I don’t know much about the restaurant business, but I was struck by a recent Priceonomics blog post about how restaurants are extremely sensitive to alienating their regular customers. So I wondered if RezGuru customers run that risk if they adopt this kind of dynamic pricing. Pawan pointed out that generally speaking, customers won’t pay more than the standard menu price — what they’re going to see are the discounts and deals.

“On the other side, when I’m sitting in an empty restaurant and still have to pay full price, I feel cheated,” Sonia added.

In addition to launching RezGuru for U.S. restaurants today, TableGrabber (which was founded in New Delhi) is opening an office in Palo Alto.

Q&A With Judges

Q: Isn’t there a big incumbent in the space?
A: OpenTable is just a reservation system, not a forecasting system like us.

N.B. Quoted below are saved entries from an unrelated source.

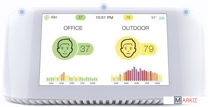 Измеряет: CO2, PM2.5, PM10, а также влажность и температуру.Прогноз качества воздуха и погоды на ближайшие 3 дня.Позволяет делиться с друзьями информацией.Подключается к Wi-Fi.Данные о качестве воздуха за окном от ближайшей станции мониторинга качества воздуха.
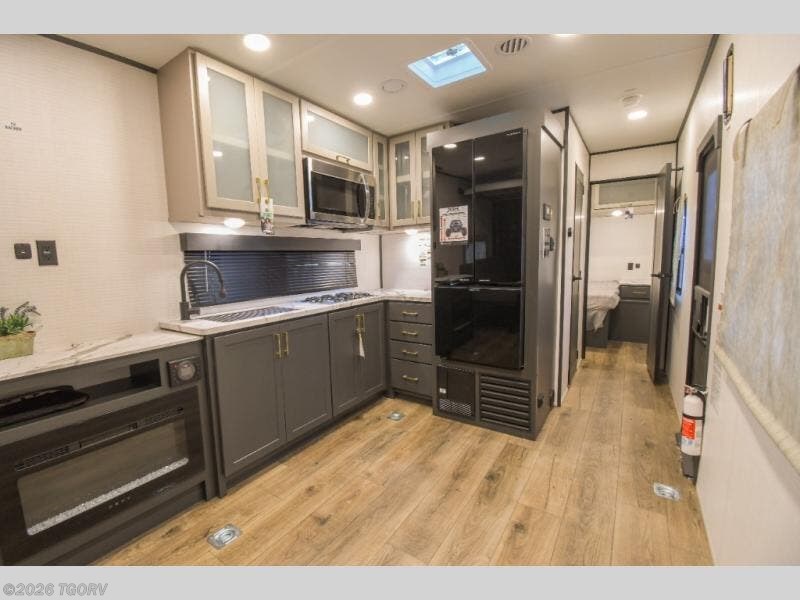 The main living area includes a fully equipped kitchen for preparing meals on the road, along with a fireplace that adds warmth and a cozy residential feel. A spacious full bathroom allows you to freshen up after a long day outdoors.
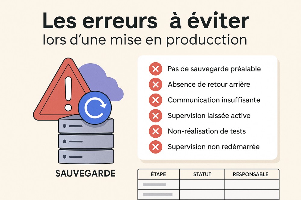 Voici une checklist complète des erreurs à éviter, avec des rappels essentiels sur la sauvegarde, la communication, la supervision et la relance des services.
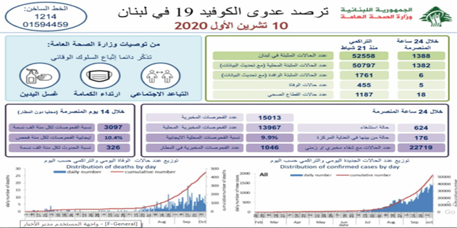 أعلنت وزارة الصحة اللبنانية تسجيل خمس وفيات و1388 إصابة جديدة بفيروس كورونا في لبنان.
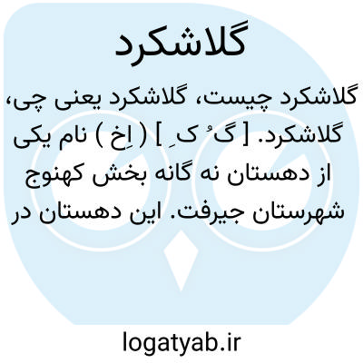 گلاشکرد. [ گ ُ ک ِ ] ( اِخ ) نام یکی از دهستان نه گانه بخش کهنوج شهرستان جیرفت. این دهستان در باختر کهنوج واقع و محدود است از شمال به بخش سبزواران، از خاور به دهستان کهنوج، از جنوب به دهستان رودخانه و از باختر به دهستان صوغان. موقع آن کوهستانی و هوای آن گرم و آب آنجا از رودخانه و قنوات تأمین میشود. محصول آن خرما، غلات و مرکبات آن بخوبی معروف است. از 27 آبادی بزرگ و کوچک تشکیل شده است و جمعیت آن 4090 تن است. مرکز دهستان قریه گلاشکرد و قرای مهم آن: رمکان، درشور، حورمه و پاسفیدان است. ( از فرهنگ جغرافیایی ایران ج 8 ).
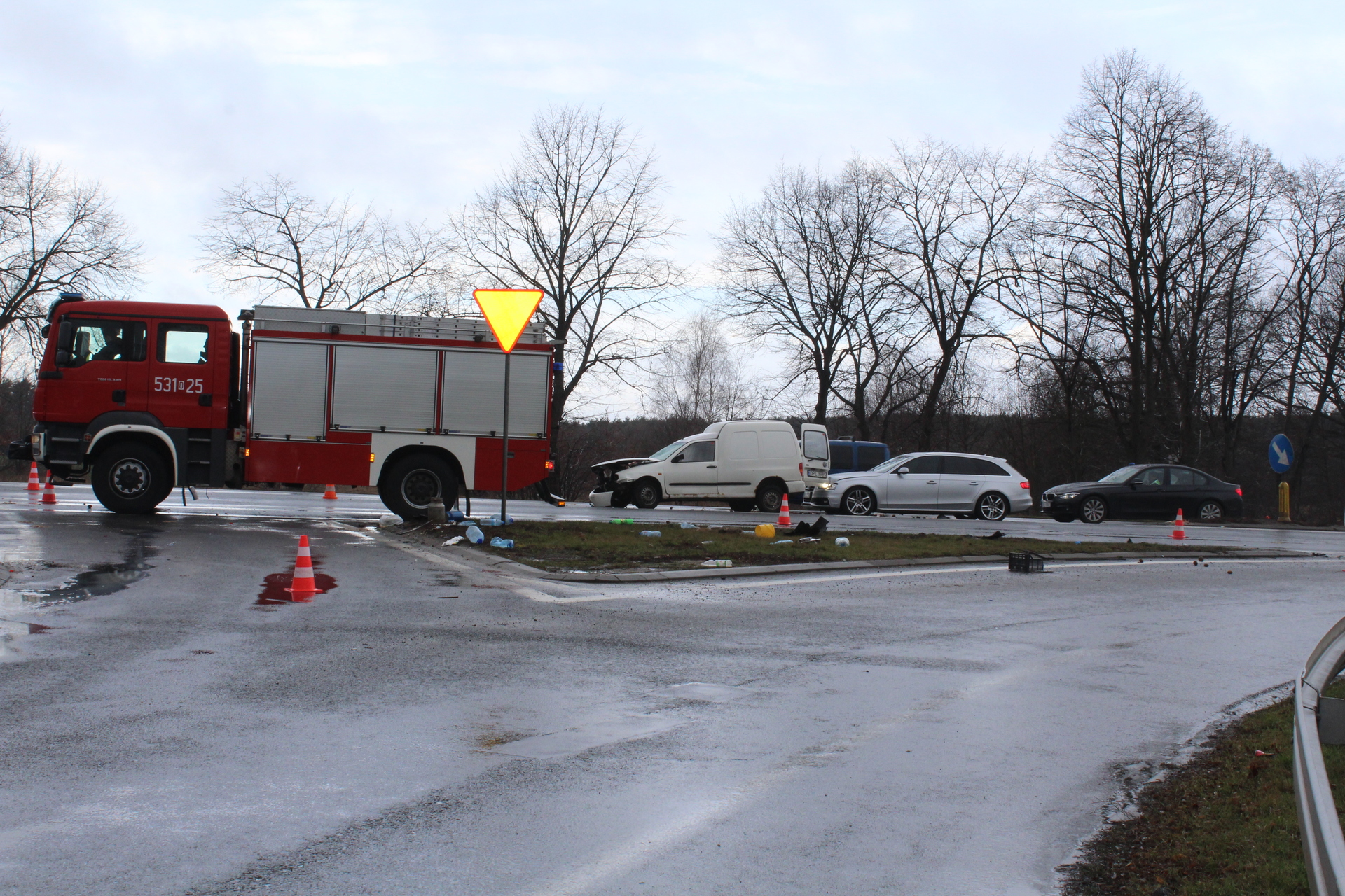 Dyżurny złotoryjskiej jednostki Powiatowej Straży Pożarnej pierwsze zgłoszenie odebrał tuż przed godz. 8. Kierowca osobowego forda jadący drogą wojewódzką nr 363 prawdopodobnie nie dostosował prędkości do warunków panujących na jezdni, w wyniku czego jego pojazd wpadł w poślizg i uderzył w przydrożny mur na ulicy Grunwaldzkiej.

Q: I don’t like the idea of paying more during peak hours.
A: Yeah, we’re used to doing that in an airline or hotel, but not in restaurants. We don’t encourage restaurants to raise prices, but during peak hours they can set a few tables aside for people who commit to spending a minimum amount.

Q: If a restaurant wants to offer a deal, how do you make them aware of that?
A: We’re not in the business-to-consumer market, but we have open APIs to update other services.

Q: Are you relying entirely on third-party apps for promoting deals?
A: We created our own consumer platform, TableGrabber, in other countries, but in the US we wanted to pick our battles.